UNCONSIDERED PERSPECTIVES: Several crucial angles emerged that most people wouldn't initially consider. First, the temporal dimension: explanations must account for how they remain stable or evolve across theory changes, revealing that explanation is not just about current understanding but about epistemic resilience. Second, the multi-level integration problem: phenomena typically require explanatory frameworks that span from mathematical structures through mechanisms to human purposes—suggesting that good explanations may need to satisfy multiple criteria simultaneously rather than privileging one approach. Third, the context-dependency insight: what counts as a good explanation may legitimately vary across scientific domains, research contexts, and explanatory projects, challenging the search for a universal account.
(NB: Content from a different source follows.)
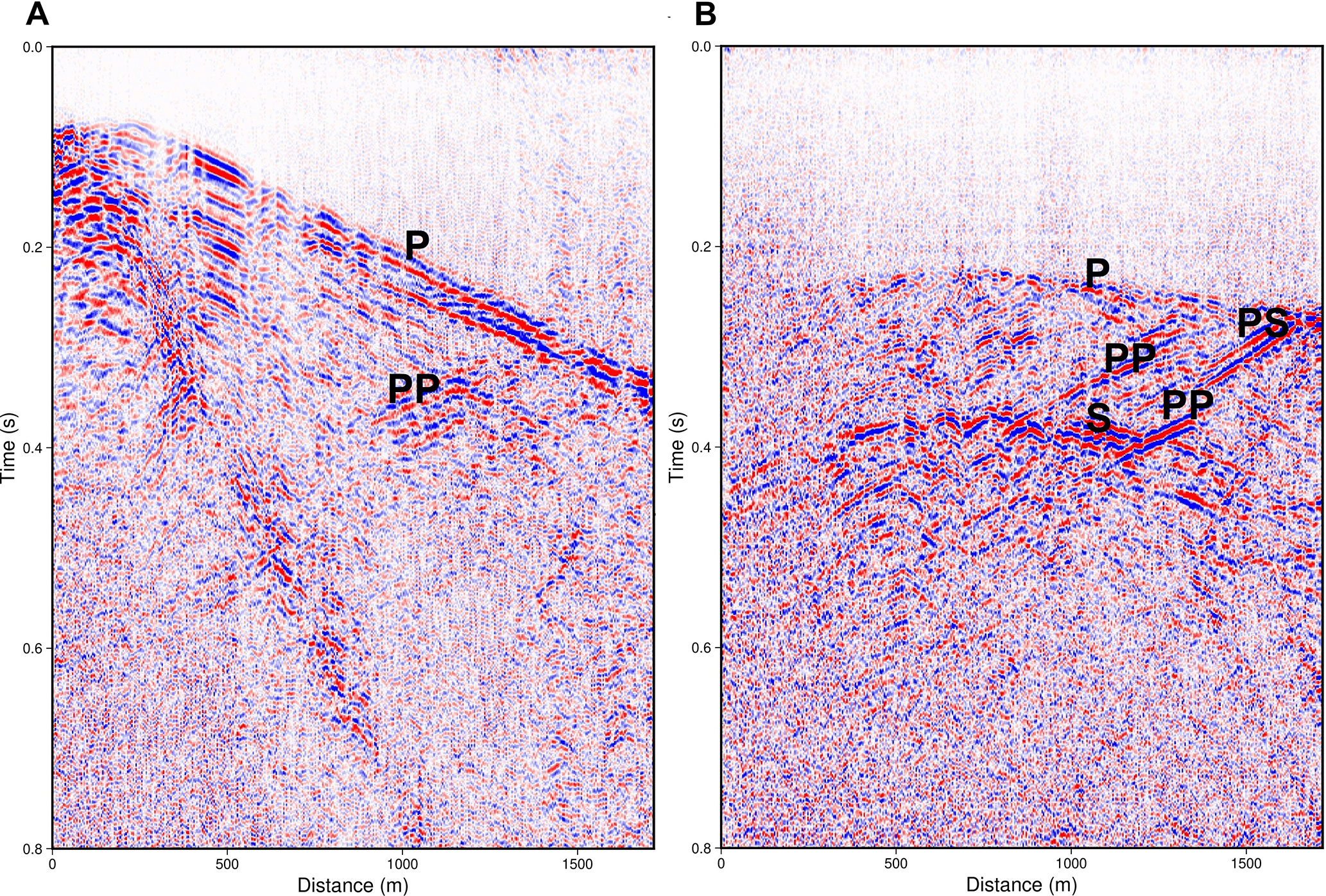 Figure 9Seismic records from the walkaway VSP survey, with increasing depth towards right (the x-axis shows distance as measured along the drill hole). (A) Record for a source point close to the drill hole. In this case the down going P-wave has a roughly linear appearance. (B) Record for a source at some distance from the drill hole, in which the down going P-wave shows curvature. For clarity, the tube waves have been suppressed prior to display. Spectral balancing and AGC have also been applied. See text for description of the annotated seismic phases.

EMERGENT KEY INSIGHT: The deepest insight that no single expert reached alone is that scientific explanation may be fundamentally pluralistic and complementary rather than reducible to a single model. The productive tension between these approaches suggests that the most powerful scientific explanations succeed precisely because they integrate multiple dimensions—logical rigor, mechanistic detail, unifying power, and structural invariance—in domain-appropriate ways. Rather than viewing these as competing theories of explanation, mature scientific understanding may require explanatory frameworks that can simultaneously satisfy formal constraints, reveal productive processes, serve cognitive needs, and capture invariant relationships. This suggests that the question "What makes a good scientific explanation?" may be less important than "How do different explanatory virtues work together to provide robust understanding across different scientific contexts?"